> _RECORDED DATA_:
- - -

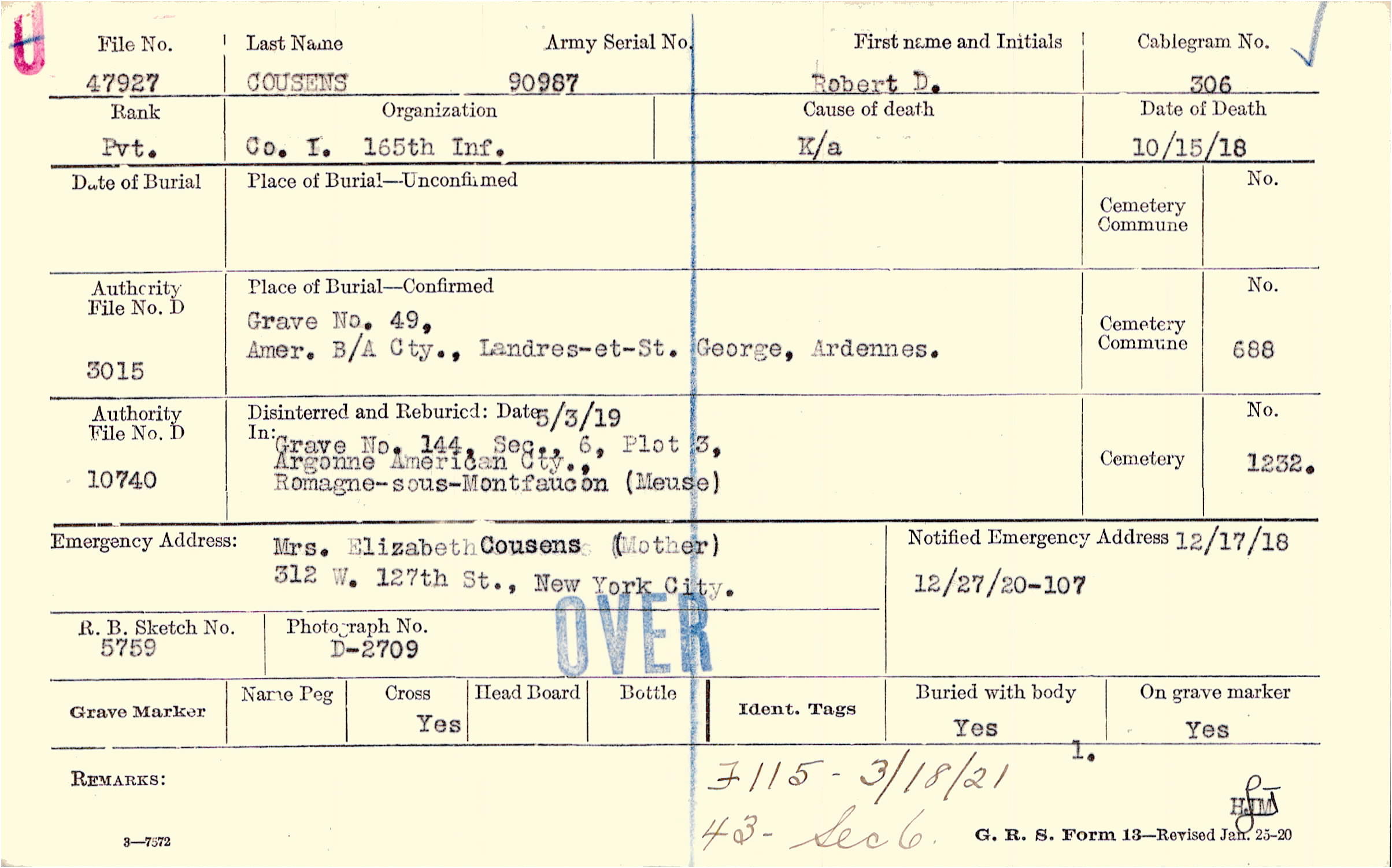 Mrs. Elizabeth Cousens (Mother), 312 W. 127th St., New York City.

- - -

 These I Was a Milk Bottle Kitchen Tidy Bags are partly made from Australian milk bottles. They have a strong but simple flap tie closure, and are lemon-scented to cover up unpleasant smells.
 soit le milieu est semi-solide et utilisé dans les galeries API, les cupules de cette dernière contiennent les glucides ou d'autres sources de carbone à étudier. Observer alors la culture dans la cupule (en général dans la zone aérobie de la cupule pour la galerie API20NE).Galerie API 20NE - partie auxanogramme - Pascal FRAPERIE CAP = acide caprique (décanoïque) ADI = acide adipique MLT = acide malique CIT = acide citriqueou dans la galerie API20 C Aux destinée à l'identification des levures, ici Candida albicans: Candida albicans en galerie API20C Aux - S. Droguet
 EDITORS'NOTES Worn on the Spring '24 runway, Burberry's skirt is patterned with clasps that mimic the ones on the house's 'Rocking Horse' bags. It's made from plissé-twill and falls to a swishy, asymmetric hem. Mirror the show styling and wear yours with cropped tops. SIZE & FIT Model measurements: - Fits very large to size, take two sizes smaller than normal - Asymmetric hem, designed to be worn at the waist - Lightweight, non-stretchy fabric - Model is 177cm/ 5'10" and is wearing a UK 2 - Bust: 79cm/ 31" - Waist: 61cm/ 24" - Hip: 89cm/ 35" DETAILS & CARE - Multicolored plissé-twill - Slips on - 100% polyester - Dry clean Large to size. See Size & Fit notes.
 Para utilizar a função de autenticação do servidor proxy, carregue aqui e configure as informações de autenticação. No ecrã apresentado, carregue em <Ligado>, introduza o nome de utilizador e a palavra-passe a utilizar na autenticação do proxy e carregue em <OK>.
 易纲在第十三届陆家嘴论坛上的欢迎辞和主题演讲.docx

- - -

> _TASK GOAL_:
Given the records above, return exactly the lines starting at the line containing "Para utilizar a" and ending at the line containing "易纲在第十三届陆家嘴论坛上的欢迎辞和主题演讲.docx", including both.

> _RESULT OF THIS EXERCISE_:
 Para utilizar a função de autenticação do servidor proxy, carregue aqui e configure as informações de autenticação. No ecrã apresentado, carregue em <Ligado>, introduza o nome de utilizador e a palavra-passe a utilizar na autenticação do proxy e carregue em <OK>.
 易纲在第十三届陆家嘴论坛上的欢迎辞和主题演讲.docx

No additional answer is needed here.